2010/6/16 robert bristow-johnson <rbj at audioimagination.com>

>
> On Jun 16, 2010, at 1:30 PM, Peter Zbornik wrote:
>
>  Dear all, dear Markus Schulze,
>>
>> I got a second question from one of our members (actually the same guy
>> which asked for the first time):
>> If I just bullet vote in a Condorcet election, then I increase the chances
>> of my candidate being elected?
>>
>
> If there is a Condorcet Winner (CW), the answer is "no".  If there is no
> CW, then we have a "Condorcet paradox" or a "cycle" where Candidate Rock
> beats Candidate Scissors, Candidate Scissors beats Candidate Paper, and
> Candidate Paper beats Candidate Rock.  Then I won't say whether the answer
> is "no" for sure, but I am still convinced that cycles are rare and that a
> method like Schulze or Ranked Pairs resolves the cycles meaningfully.
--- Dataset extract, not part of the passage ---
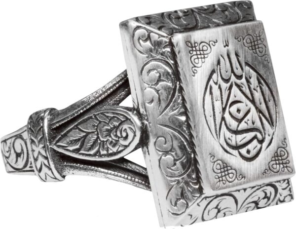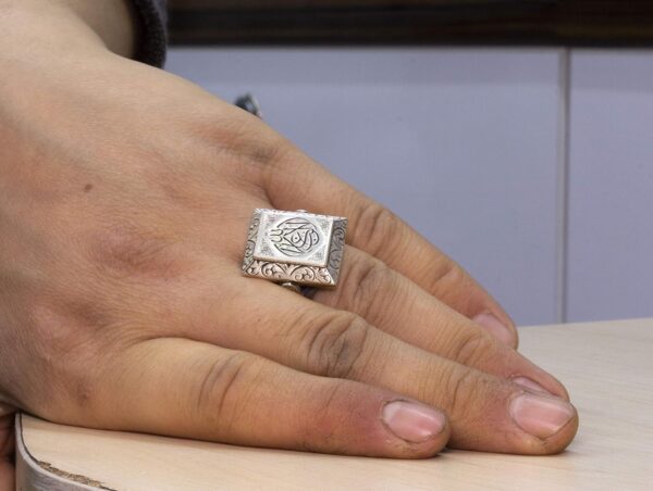 Bu yüzük, uzun süreli parlaklık ve dayanıklılık sağlayan yüksek kaliteli 925 ayar gümüşten yapılmıştır. İslam sembollerini içeren karmaşık tasarımı, yetenekli zanaatkarlar tarafından özenle işlenmiştir ve her parça inanç ve ruhsallığın benzersiz bir temsilini sunar.
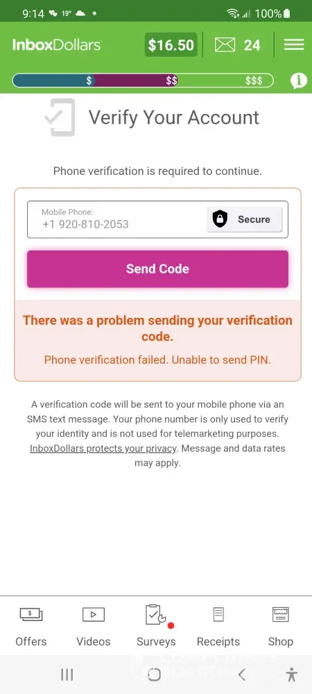 I contacted inbox dollars on June 3,2022 that I couldn't get a verification code so I could get my 50 dollar gift card each time I requested a code be sent to my phone I kept receiving a message that my call could not be completed I contacted Inbox about the problem on June 4th I told them I could not get a code they still have not fixed the problem

Would that it were this easy. But there could be an honest CW, and bullet
voting creates an artificial cycle.

Simple case:
40 C>B>A
30 B>A>C
30 A>B>C

B is the clear CW: wins 60/40 against C, and 70/30 against B. But if the A
voters bullet vote, then there is a Condorcet cycle, because now B loses
30/40 against C.

Some tiebreaking methods deal with this situation better than others. But if
they twist themselves up in enough knots to avoid this problem, then they
give results which are very hard to defend if half the A voters were really
A>C>B voters who truncated lazily.

Anyway, you cannot give simple guarantees like the one you stated above.